§ **SUPPLIED ENTRIES**:
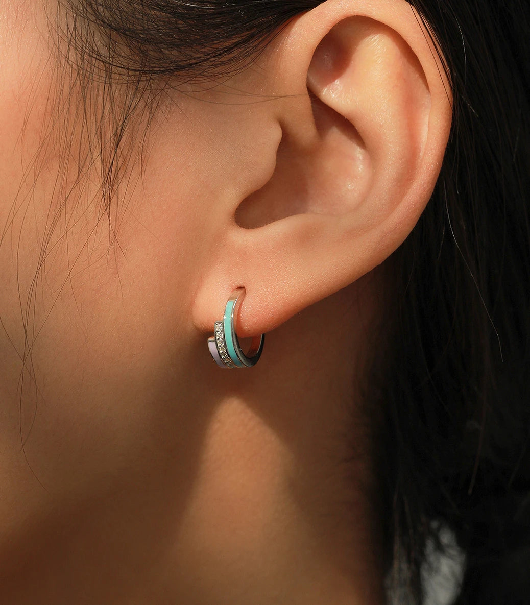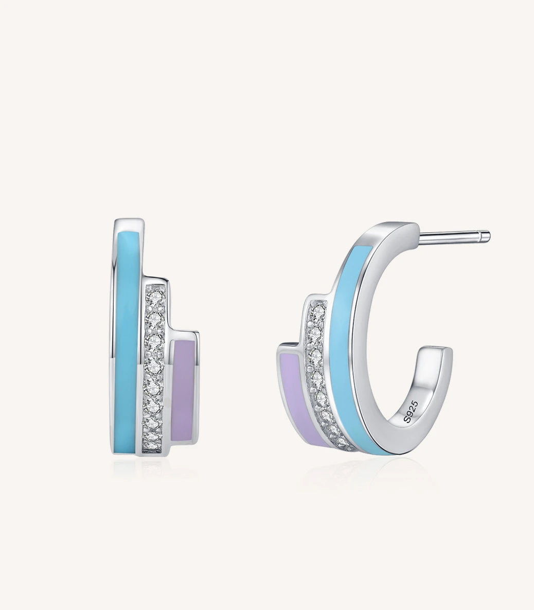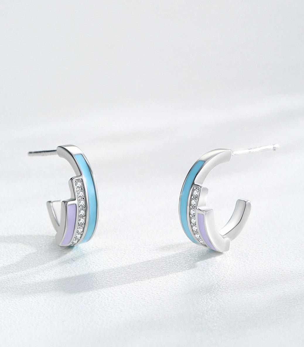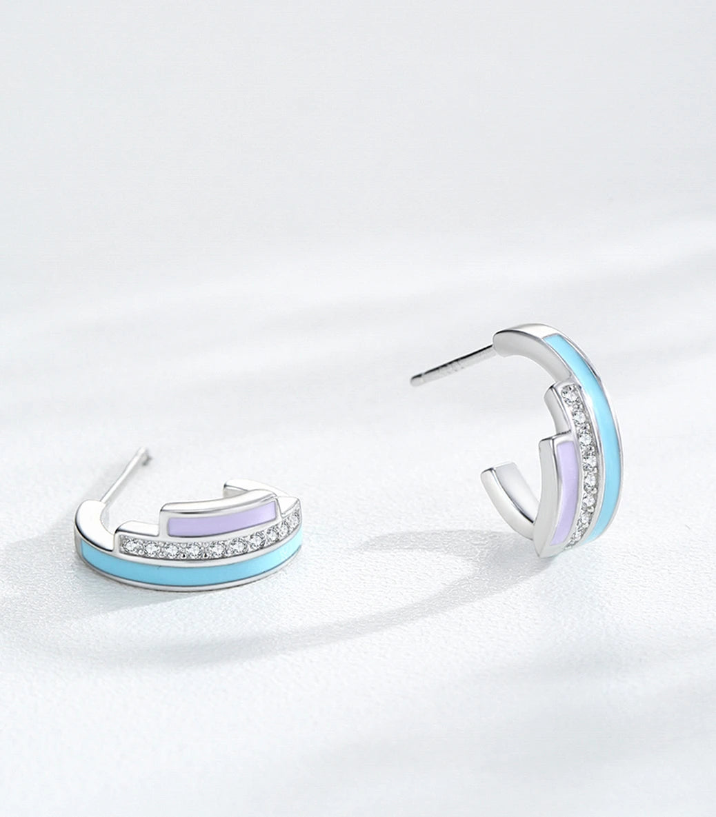 Сребърни обeци с щифт, бял кубичен циркон и разноцветен емайл
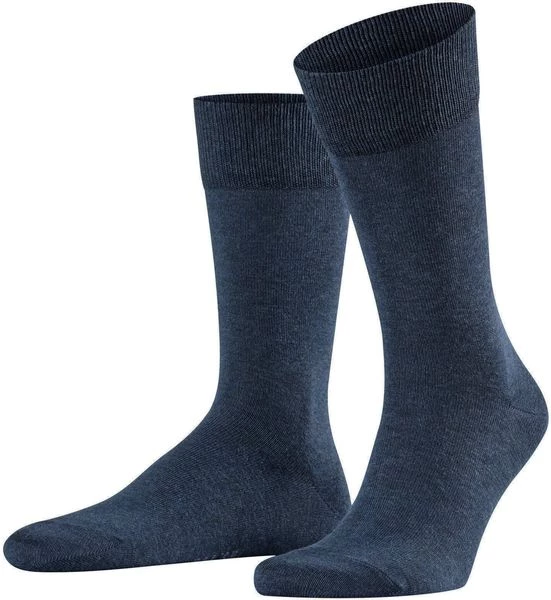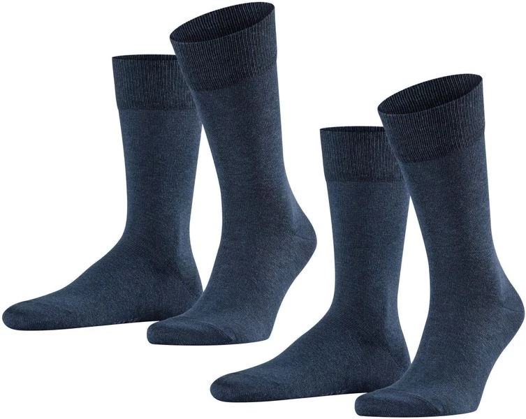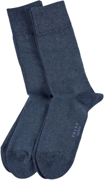 Deze Falke Happy sokken worden per 2 paar geleverd en zijn een absolute must have. De donkerblauwe sokken zijn gemaakt van 80% katoen, 18% polyamide (nylon) en 2% elastaan (stretch). Hierdoor voelen deze hoge sokken zacht en comfortabel aan, en blijven ze ook mooi in model zonder uit te lubberen.
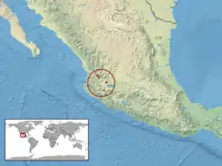 Cette espèce est endémique du Mexique. Elle se rencontre dans les zones humides des États de Jalisco, de Guanajuato et de Morelos[1].
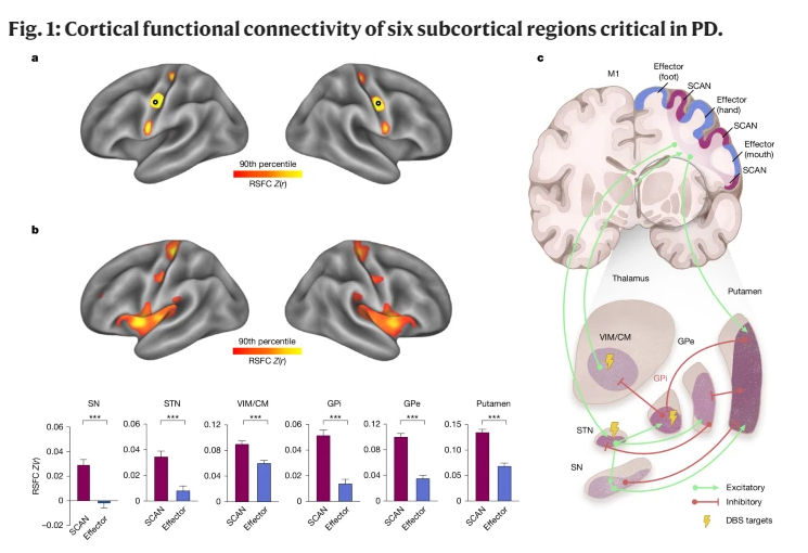中国帕金森病患者已超过500万,居全球首位。患者常表现出震颤、运动迟缓、肌肉僵硬等症状,其治疗面临诸多挑战:药物治疗易产生耐药及并发症,脑深部电刺激虽是一项成熟有效的疗法,但因其成本高昂、需要手术植入电极等问题,在国内的普及率仅为1%。王梅云教授深耕脑疾病影像诊疗领域三十年,在大陆地区率先开展了帕金森震颤的磁共振引导下聚焦超声(磁波刀)无创治疗,治疗震颤效果立竿见影,取得了很大反响。通过与昌平实验室刘河生教授团队合作,对超过800例临床影像数据的分析中发现,帕金森病并非简单的局部受损,而是一个大规模网络的功能失调,帕金森病患者大脑皮层的SCAN网络与基底节、丘脑等深部核团之间存在病态的“强连接”,这种过度连接干扰了运动规划与协调,导致了患者动作迟缓、震颤及认知功能受损。研究证实,无论是现有的药物治疗、脑深部电刺激治疗,还是磁波刀治疗、经颅磁刺激神经调控治疗,本质上都可以通过调控这一环路的病态连接来改善症状。
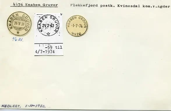 4476 KNABEN GRUVOR postkontor C ble lagt ned fra 1.11.1980. Ny postadresse: 4473 KVINLOG. Sirk. 34, 9.10.1980.
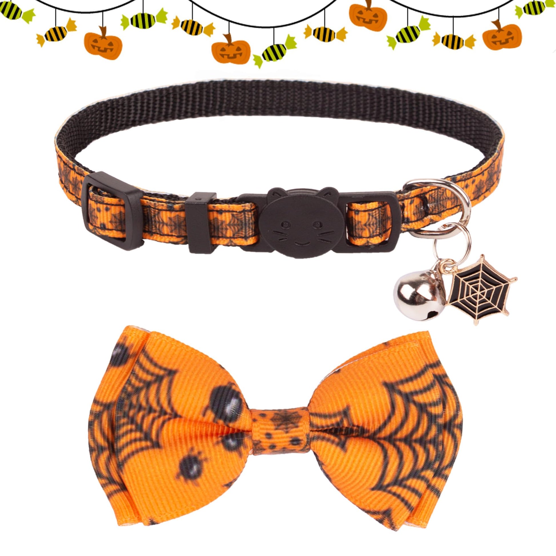 ADOGGYGO Halloween Cat Collars with Bow Bell, Breakaway Kitten Bowtie Collar Spider Web Skull Halloween Collars for Girl Boy Cats Kittens
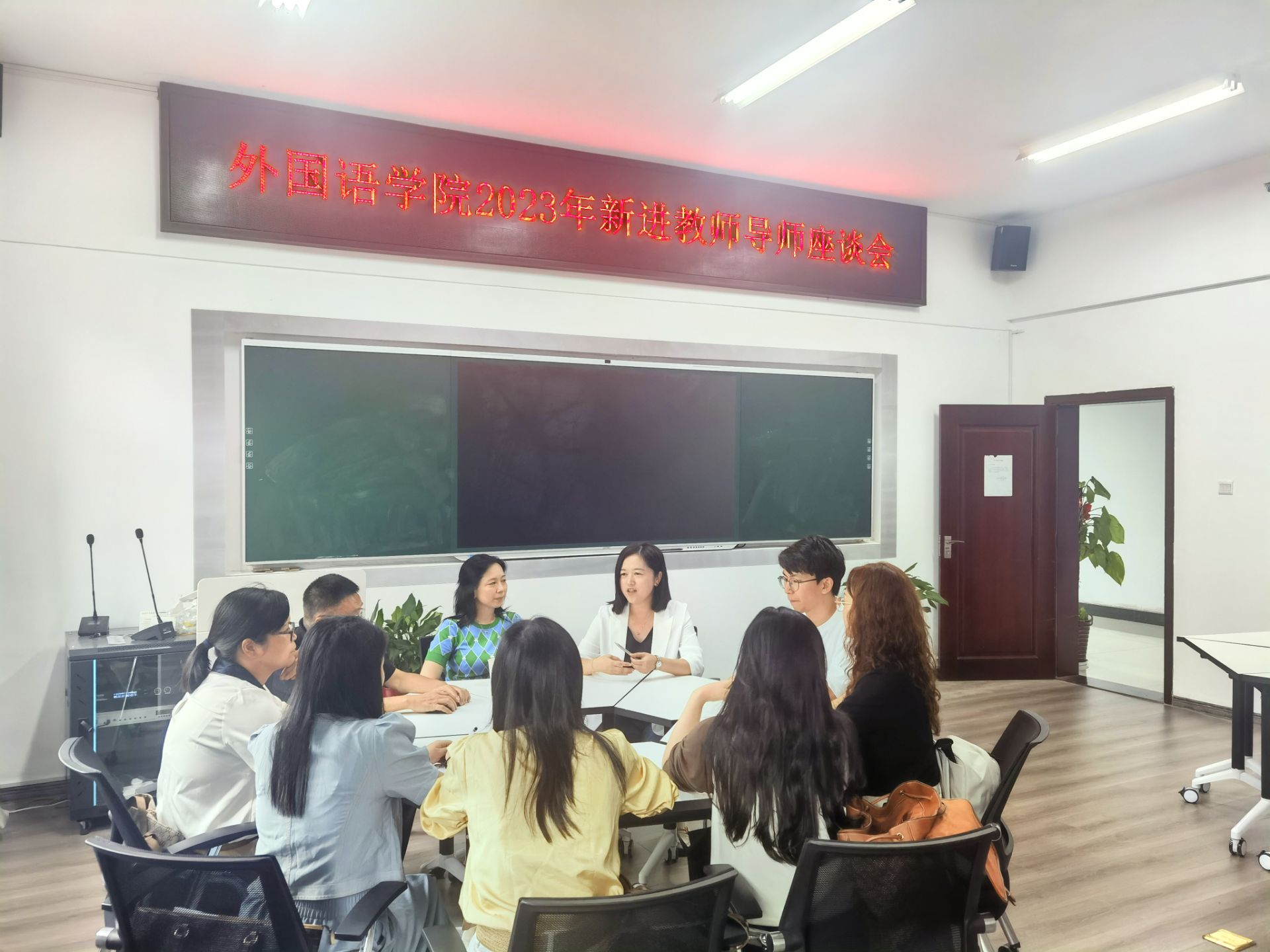 (本网讯)为帮助新进教师更好地适应教育教学环境,9月14日,外国语学院在主校区办公楼317室召开2023年新进教师座谈会。院党委书记蒋勇威,副院长李曦,青年教师导师胡立、付敏以及2023年新进教师参加会议。
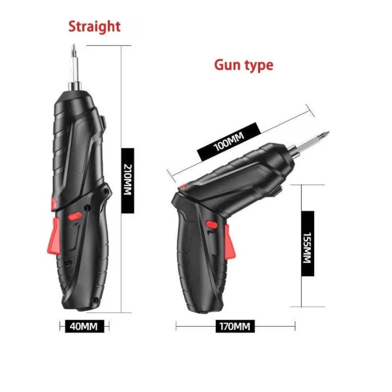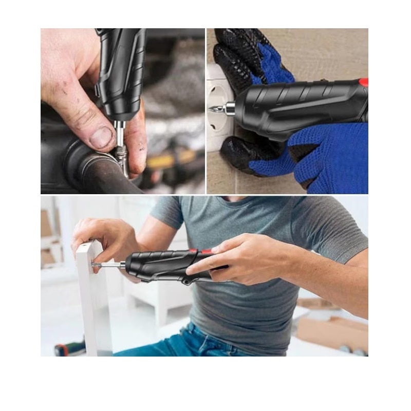 - 2 moduri manuale: tineti produsul cu o mana si apasati butonul din partea de sus a rasucirii cu degetul mare si rotiti-l pentru a o indrepta cu cealalta mana. Ideal pentru insurubare in spatii inguste si gauri oarbe. Buton inainte/inapoi care permite surubelnitei sa se roteasca intre dreapta (inainte) si stanga (inapoi). Design fara fir si iluminare cu LED: surubelnita electrica fara fir: designul fara fir va permite sa faceti proiecte de foraj electric oriunde si in orice colt.

§ **EXERCISE DETAILS**: Please write out, exactly, every line from the line with "(本网讯)为帮助新进教师更好" through the final line of the data above, leaving out pictures.

§ **TASK ANSWER**:
 (本网讯)为帮助新进教师更好地适应教育教学环境,9月14日,外国语学院在主校区办公楼317室召开2023年新进教师座谈会。院党委书记蒋勇威,副院长李曦,青年教师导师胡立、付敏以及2023年新进教师参加会议。
 - 2 moduri manuale: tineti produsul cu o mana si apasati butonul din partea de sus a rasucirii cu degetul mare si rotiti-l pentru a o indrepta cu cealalta mana. Ideal pentru insurubare in spatii inguste si gauri oarbe. Buton inainte/inapoi care permite surubelnitei sa se roteasca intre dreapta (inainte) si stanga (inapoi). Design fara fir si iluminare cu LED: surubelnita electrica fara fir: designul fara fir va permite sa faceti proiecte de foraj electric oriunde si in orice colt.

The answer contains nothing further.